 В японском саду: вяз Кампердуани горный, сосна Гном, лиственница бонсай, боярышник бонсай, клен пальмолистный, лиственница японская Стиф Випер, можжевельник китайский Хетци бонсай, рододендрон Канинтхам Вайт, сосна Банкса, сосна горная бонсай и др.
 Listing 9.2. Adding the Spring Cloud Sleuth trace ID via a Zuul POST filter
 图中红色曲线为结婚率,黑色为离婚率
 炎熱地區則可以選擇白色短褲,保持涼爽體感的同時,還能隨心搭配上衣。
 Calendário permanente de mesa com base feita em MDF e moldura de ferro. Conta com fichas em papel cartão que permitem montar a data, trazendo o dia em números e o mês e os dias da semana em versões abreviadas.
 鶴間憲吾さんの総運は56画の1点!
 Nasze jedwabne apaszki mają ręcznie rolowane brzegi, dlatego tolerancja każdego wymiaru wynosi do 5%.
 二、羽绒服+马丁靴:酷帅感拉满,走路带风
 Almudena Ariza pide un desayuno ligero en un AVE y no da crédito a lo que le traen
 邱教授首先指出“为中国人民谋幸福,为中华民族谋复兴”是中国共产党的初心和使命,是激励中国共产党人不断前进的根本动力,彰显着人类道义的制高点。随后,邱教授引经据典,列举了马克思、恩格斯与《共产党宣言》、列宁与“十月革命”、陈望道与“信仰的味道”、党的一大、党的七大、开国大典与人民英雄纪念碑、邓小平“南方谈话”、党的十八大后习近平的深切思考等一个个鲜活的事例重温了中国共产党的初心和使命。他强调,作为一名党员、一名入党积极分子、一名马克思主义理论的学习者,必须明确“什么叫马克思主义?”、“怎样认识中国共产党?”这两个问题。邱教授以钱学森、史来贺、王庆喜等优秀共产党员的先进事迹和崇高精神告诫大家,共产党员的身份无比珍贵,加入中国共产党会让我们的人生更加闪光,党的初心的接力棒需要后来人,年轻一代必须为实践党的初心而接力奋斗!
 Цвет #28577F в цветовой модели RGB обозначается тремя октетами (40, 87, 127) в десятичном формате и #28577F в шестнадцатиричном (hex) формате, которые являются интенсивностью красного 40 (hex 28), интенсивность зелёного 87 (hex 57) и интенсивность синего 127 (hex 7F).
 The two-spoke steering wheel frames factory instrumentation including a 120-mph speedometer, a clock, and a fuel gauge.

> _Work item_:
The response should be the lines from the one containing "图中红色曲线为结婚率,黑色为离婚率" through the last line of the data, set down exactly and with no other line.

> _Exercise result_:
 图中红色曲线为结婚率,黑色为离婚率
 炎熱地區則可以選擇白色短褲,保持涼爽體感的同時,還能隨心搭配上衣。
 Calendário permanente de mesa com base feita em MDF e moldura de ferro. Conta com fichas em papel cartão que permitem montar a data, trazendo o dia em números e o mês e os dias da semana em versões abreviadas.
 鶴間憲吾さんの総運は56画の1点!
 Nasze jedwabne apaszki mają ręcznie rolowane brzegi, dlatego tolerancja każdego wymiaru wynosi do 5%.
 二、羽绒服+马丁靴:酷帅感拉满,走路带风
 Almudena Ariza pide un desayuno ligero en un AVE y no da crédito a lo que le traen
 邱教授首先指出“为中国人民谋幸福,为中华民族谋复兴”是中国共产党的初心和使命,是激励中国共产党人不断前进的根本动力,彰显着人类道义的制高点。随后,邱教授引经据典,列举了马克思、恩格斯与《共产党宣言》、列宁与“十月革命”、陈望道与“信仰的味道”、党的一大、党的七大、开国大典与人民英雄纪念碑、邓小平“南方谈话”、党的十八大后习近平的深切思考等一个个鲜活的事例重温了中国共产党的初心和使命。他强调,作为一名党员、一名入党积极分子、一名马克思主义理论的学习者,必须明确“什么叫马克思主义?”、“怎样认识中国共产党?”这两个问题。邱教授以钱学森、史来贺、王庆喜等优秀共产党员的先进事迹和崇高精神告诫大家,共产党员的身份无比珍贵,加入中国共产党会让我们的人生更加闪光,党的初心的接力棒需要后来人,年轻一代必须为实践党的初心而接力奋斗!
 Цвет #28577F в цветовой модели RGB обозначается тремя октетами (40, 87, 127) в десятичном формате и #28577F в шестнадцатиричном (hex) формате, которые являются интенсивностью красного 40 (hex 28), интенсивность зелёного 87 (hex 57) и интенсивность синего 127 (hex 7F).
 The two-spoke steering wheel frames factory instrumentation including a 120-mph speedometer, a clock, and a fuel gauge.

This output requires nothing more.